■ **Work instruction**
Please transcribe all of the entries exactly, leaving out any images.

■ **Data for this exercise**
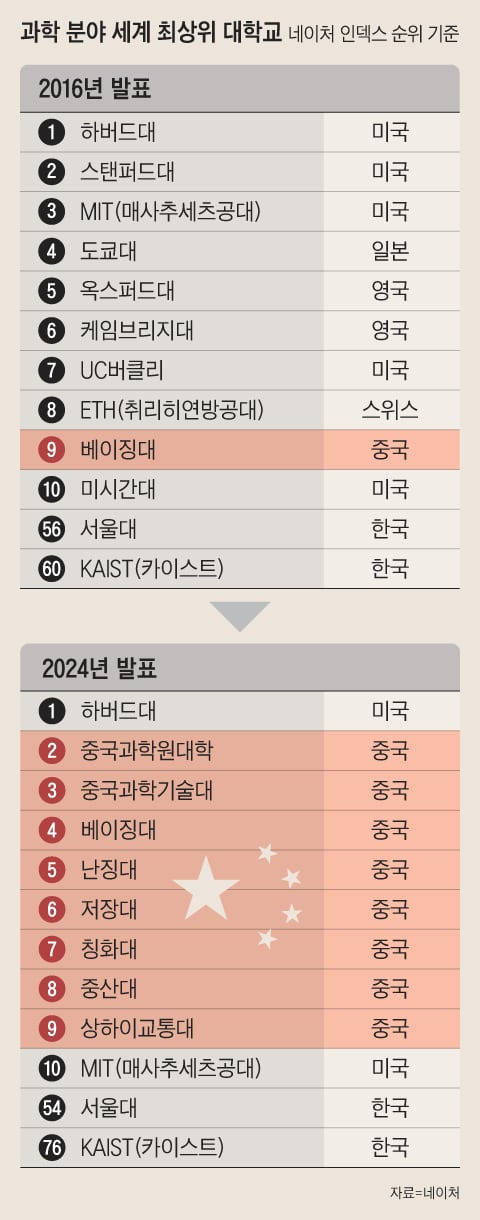 네이처가 과학 분야 대학 순위를 처음으로 발표한 ‘2016 네이처 인덱스(2015년 연구 성과 평가)’에서 당시만 해도 상위 10위 안에 든 중국 대학은 베이징대(9위) 한 곳뿐이었다. 1~3위를 휩쓴 미국이 5곳, 유럽은 3곳을 톱 10 대학에 올렸다. 이러한 판도를 중국이 8년 사이에 뒤엎었다. ‘2024 네이처 인덱스’에서 중국과학원대학(2위)을 비롯해 무려 8개 중국 대학이 톱 10을 휩쓸었다. 10위 안에 든 미국 대학은 2곳(하버드·MIT)만 남았다.
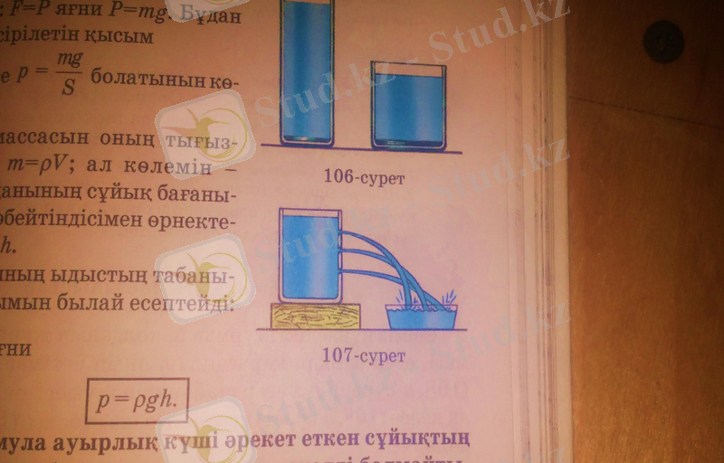 газ көлемін кішірейтсе, газ қысымы артатынын, ал көлемін ұлғайтса, қысымы кемитінін, сұйық қысымы сұйық бағанының биіктігіне тәуелді екеніне тәжірибе жасап көреді. формуланы дәлелдейді.
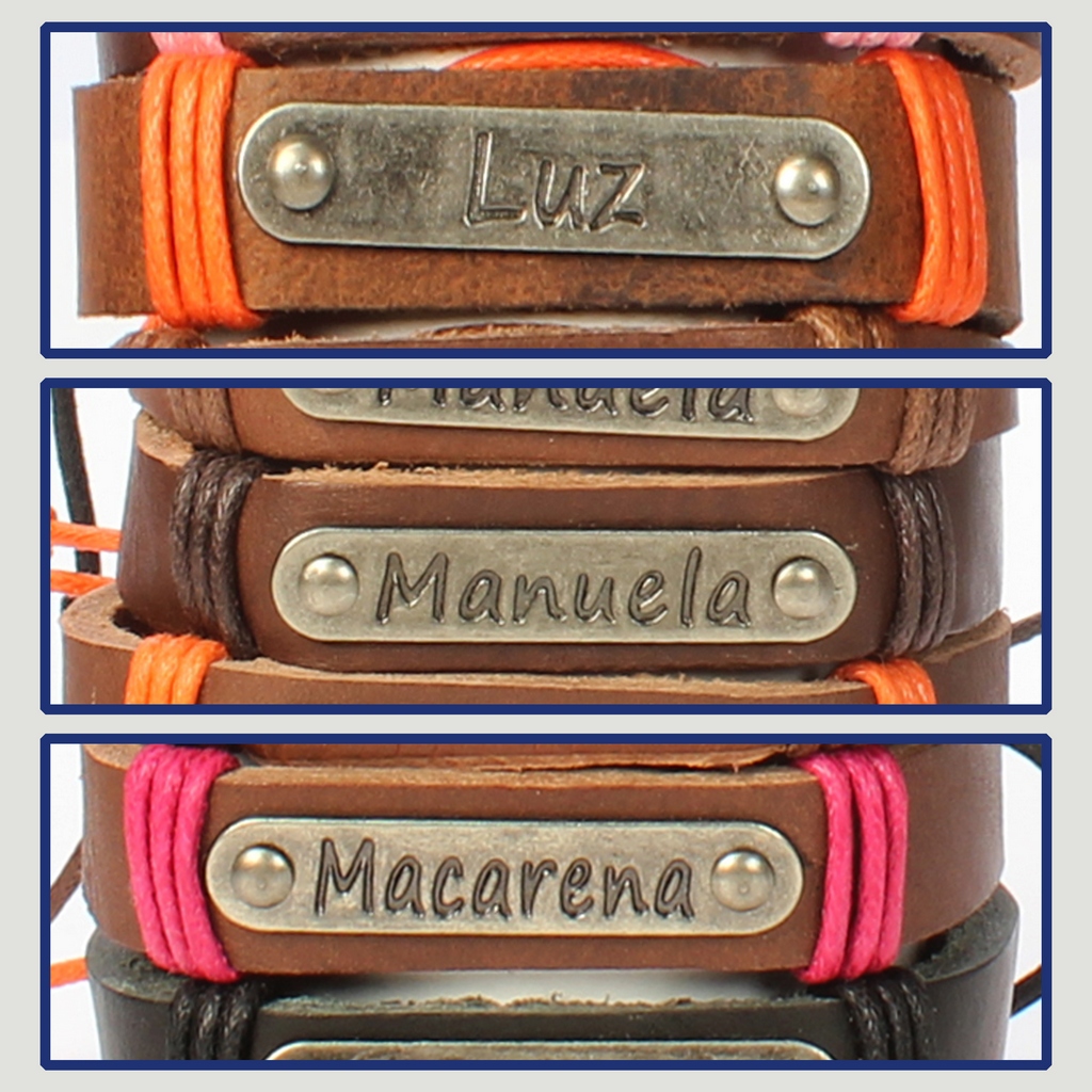 Gancho 39 – Pulsera piel con nombre. Letras L,M: Luz, Manuela y Macarena
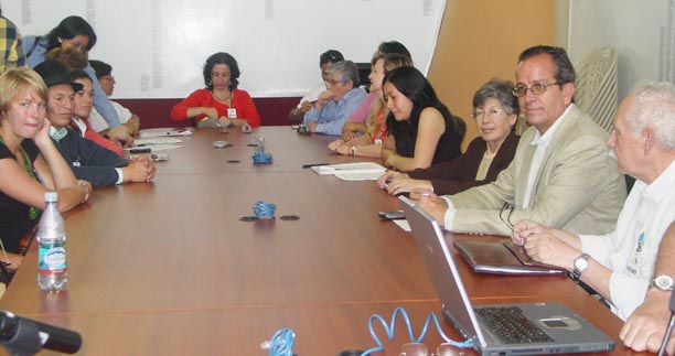 Ec. Alberto Acosta, Presidente de la Asamblea Nacional Constituyente, junto a los miembros de la Comisión de Auditoría Integral del Crédito Público (CAIC), y el Grupo Nacional de Deuda que presentaron sus propuestas en Ciudad Alfaro, el pasado 21 de febrero.
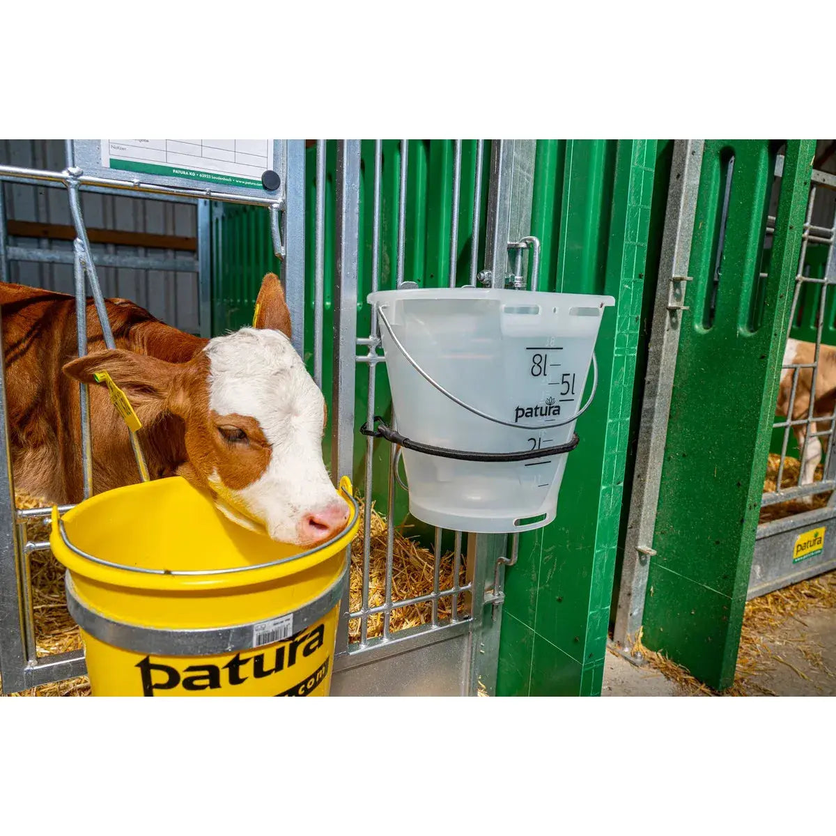 - Verhindert das Auswerfen des Nuckel-Tränkeeimers durch das Kalb

■ **Result for this task**
 네이처가 과학 분야 대학 순위를 처음으로 발표한 ‘2016 네이처 인덱스(2015년 연구 성과 평가)’에서 당시만 해도 상위 10위 안에 든 중국 대학은 베이징대(9위) 한 곳뿐이었다. 1~3위를 휩쓴 미국이 5곳, 유럽은 3곳을 톱 10 대학에 올렸다. 이러한 판도를 중국이 8년 사이에 뒤엎었다. ‘2024 네이처 인덱스’에서 중국과학원대학(2위)을 비롯해 무려 8개 중국 대학이 톱 10을 휩쓸었다. 10위 안에 든 미국 대학은 2곳(하버드·MIT)만 남았다.
 газ көлемін кішірейтсе, газ қысымы артатынын, ал көлемін ұлғайтса, қысымы кемитінін, сұйық қысымы сұйық бағанының биіктігіне тәуелді екеніне тәжірибе жасап көреді. формуланы дәлелдейді.
 Gancho 39 – Pulsera piel con nombre. Letras L,M: Luz, Manuela y Macarena
 Ec. Alberto Acosta, Presidente de la Asamblea Nacional Constituyente, junto a los miembros de la Comisión de Auditoría Integral del Crédito Público (CAIC), y el Grupo Nacional de Deuda que presentaron sus propuestas en Ciudad Alfaro, el pasado 21 de febrero.
 - Verhindert das Auswerfen des Nuckel-Tränkeeimers durch das Kalb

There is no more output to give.